87. Another recent set of allegations about Chinese ASAT development had noteworthy parallels to claims about Russian lasers used in the late 1970s to increase support for U.S. ASAT work. During the final stages of congressional debate on the FY2007 defense authorization bill, which includes funding for U.S. military space programs, a Defense News article quoted several unnamed officials and experts who claimed that China had tested ground-based lasers against U.S. spy satellites. No substantiating evidence was offered, nor were enough details given to know whether any laser test that did occur was intended to "blind" electro-optical satellites or was for more benign purposes, such as satellite tracking. The article noted that White House officials who would be in a position to know the classified details decided not to include the strong form of these allegations in a recent DOD report on China's military capabilities, which contains only one sentence noting that China has a powerful laser that could be used to interfere with U.S. reconnaissance satellites. When questioned about the allegation, the director of the National Reconnaissance Office confirmed that at least one U.S. satellite had been illuminated but not damaged by a Chinese laser. The top U.S. military officer in charge of space also stated that the United States had no clear evidence that China had intentionally disrupted U.S. satellite capabilities. See Vago Muradian, "China Attempted to Blind U.S. Satellites with Lasers," Defense News, September 25, 2006; Warren Fester and Colin Clark, "NRO Confirms Chinese Laser Test Illuminated U.S. Spacecraft," Space News, October 2, 2006; and Elaine Grossman, "Top Commander:Chinese Interference with U.S. Satellites Uncertain," Inside the Pentagon, October 12, 2006.

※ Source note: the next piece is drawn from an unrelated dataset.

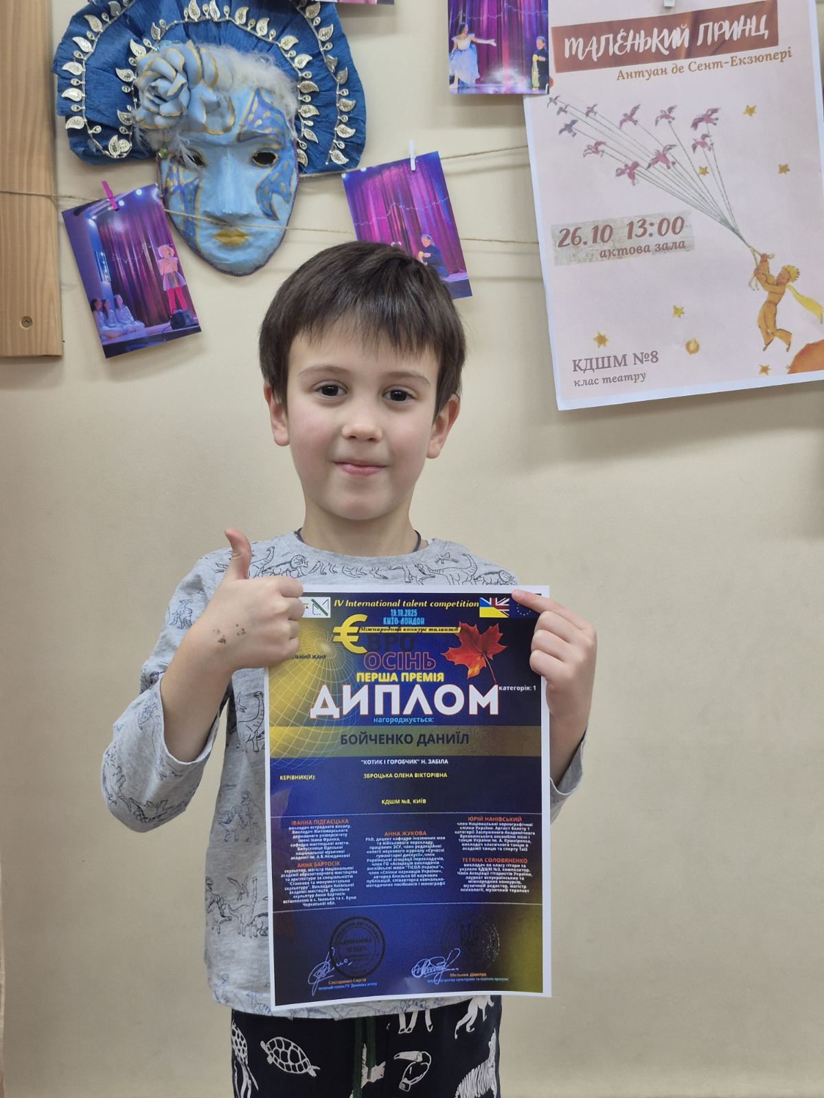 Учень Київської дитячої школи мистецтв № 8 Бойченко Даниїл, клас театрального мистецтва, викладачка Олена Зброцька отримав I премію на IV Міжнародному конкурсі талантів “Євро Осінь”

88. For a fuller critique of the inevitability argument, see Karl P. Mueller, "Totem and Taboo: Depolarizing the Space Weapons Debate," in Space Weapons: Are They Needed? ed. John M. Logsdon and Gordon Adams (Washington, DC: George Washington University Space Policy Institute, 2003), 18–26.

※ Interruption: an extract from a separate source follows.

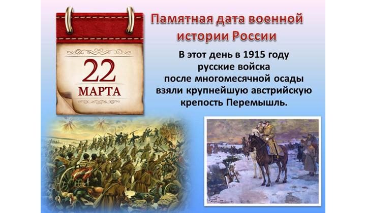 Памятная дата военной истории России. В этот день в 1915 году русские войска после многомесячной осады взяли крупнейшую австрийскую крепость Перемышль. Более подробная информация о событии по ссылке https://histrf.ru/lenta-vremeni/event…

89. The U.S. military strongly supports the Law of the Sea Convention because it sees worldwide acceptance of the treaty as a more efficient and reliable way to ensure freedom of navigation than bilateral agreements, customary law, or coercive power would be. See Nina Tannenwald, "Law versus Power on the High Frontier: The Case for a Rule-Based Regime for Outer Space," The Yale Journal of International Law 29, no. 2 (Summer 2004): 363–422.

90. Orbiting satellites provide a high vantage point from which one can see, communicate with, or attack a large swath of Earth, but unlike a hill or some other lofty terrain in con- tested territory, more than one country can use space for a high vantage point at the same time. A satellite gains no defensive advantage from being high: its visibility and predictable movement make it an easier target. Hurling weapons down from high altitudes also conveys no offensive advantage—instead of using gravity to lessen the energy costs of weapon delivery, a substantial amount of extra energy is needed to de-orbit a weapon and send it back to Earth. See David Wright, Laura Grego, and Lisbeth Gronlund, The Physics of Space Security (Cambridge, MA: The American ÇďżűĘÓƵ of Arts and Sciences, 2005), 11. On the relative merits of space-based weapons and other ways of performing the same military mission, see Bruce M. DeBlois, Richard L. Garwin, R. Scott Kemp, and Jeremy C. Marwell, "Space Weapons: Crossing the Rubicon," International Security 29, no. 2 (Fall 2004): 50–84; William L. Spacey II, "Assessing the Military Utility of Space-Based Weapons," Astropolitics 1, no. 3 (2003): 1–43, and Michael O'Hanlon, Neither Star Wars nor Sanctuary (Washington, DC: Brookings, 2004).